This is a final project for MDA course in KU LEUVEN (2021)
In a nutshell, we want you to think as a data-scientist throughout the whole production pipeline: retrieving & pre-processing data, exception handling, building a model, hyperparameter optimization, etc... We expect that you bring the topics explained during the course into practice. Your team should be able to bring value to the data. You can use techniques that were not covered during the course and can bring other python packages into the project. Make sure you start from the same python environment, used in the course. Of course you can update packages, install new ones,... Make sure that you understand the underlying mathematics in the approach that you use (supervised, unsupervised, nlp, AI,..). A data-scientist is much more than an expert in Sklearn, NLTK, Pytorch,etc...
The European Central Bank has been buying corporate bonds since 2015. This signifies an important cash injection in the European Economy. The ECB started buying assets from commercial banks as part of its non-standard monetary policy measures. These asset purchases, also known as quantitative easing or QE, support economic growth across the euro area and helps Europe to return to inflation levels below, but close to, 2%.
Has the European Central bank been supporting the green economy when purchasing corporate bonds ?

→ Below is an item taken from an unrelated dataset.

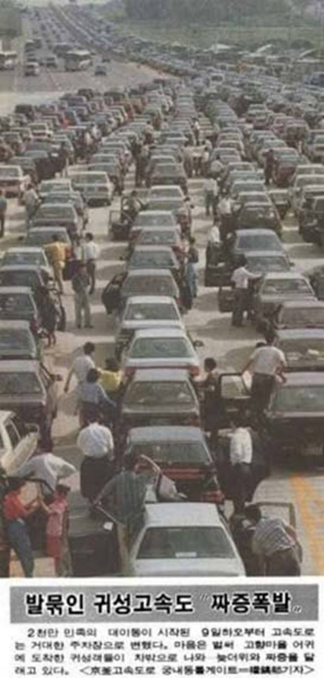 부모님 시대는 주 6일 출근과 더불어서 지금보다는 훨씬 많은 사람들이 명절에 고향에 내려갔다. 어렸을 때만 해도 명절에는 가족과 친척들이 함께하는 걸 당연하게 생각했다. 그래서 당시 명절 교통체증은 지금보다는 상상을 초월하는 정도였다.

Data1: https://www.ecb.europa.eu/mopo/implement/app/html/index.en.html#cspp
Data2: https://sdw.ecb.europa.eu
To find information of a sector / industry a company is belonging to, you might for example want to consult the Refinitiv database (API-available) https://permid.org/
├── LICENSE
├── Makefile <- Makefile with commands like `make data` or `make train`
├── README.md <- The top-level README for developers using this project.
├── data
│ ├── external <- Data from third party sources.

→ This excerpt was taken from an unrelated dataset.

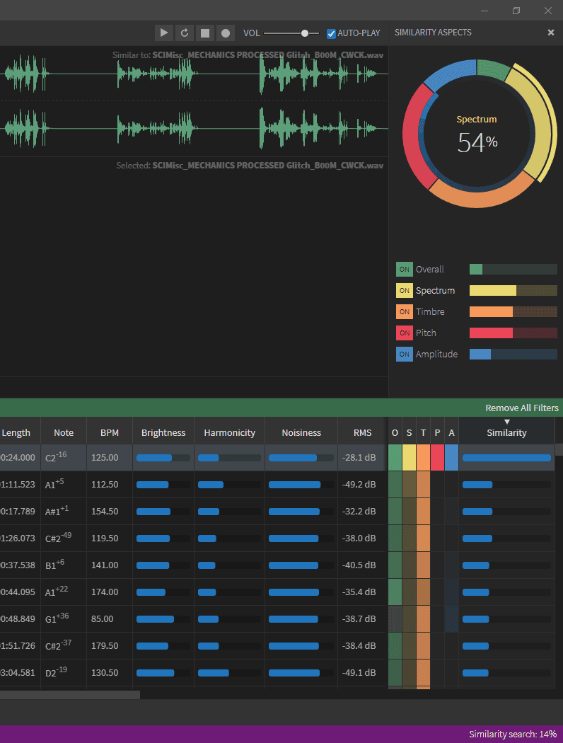Sononym还有个自动搜寻相似文件的功能,通过先选定一个目标文件,再勾选右上角的小彩圈,就会进入相似度分析的大圆圈,大圆圈会快速分析目标文件的频谱,明暗,音高和振幅并生成百分比圆,然后自动搜寻符合类似参数的文件并显示在结果中,更有趣的是,我还可以手动改变不同特性的相似度占比,比如音高相似度多一点,或振幅相似度小一点,出来的匹配结果又大不相同(需要注意的是,这个相似度匹配结果并不是立即产生的,Sononym在扫描新加入的文件时,都需要对文件进行初次分析,但分析过后,再使用相似度功能出现结果就会快很多)。

│ ├── interim <- Intermediate data that has been transformed.
│ ├── processed <- The final, canonical data sets for modeling.

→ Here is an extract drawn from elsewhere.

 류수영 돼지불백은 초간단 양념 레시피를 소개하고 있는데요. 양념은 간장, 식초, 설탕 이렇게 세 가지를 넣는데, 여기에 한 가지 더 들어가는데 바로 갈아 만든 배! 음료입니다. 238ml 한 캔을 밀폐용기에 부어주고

│ └── raw <- The original, immutable data dump.
│
│
├── notebooks <- Jupyter notebooks. Naming convention is a number (for ordering),
│ the creator's initials, and a short `-` delimited description, e.g.
│ `1.0-jqp-initial-data-exploration`.
│
├── reports <- Generated analysis as HTML, PDF, LaTeX, etc. │
├── requirements.txt <- The requirements file for reproducing the analysis environment, e.g.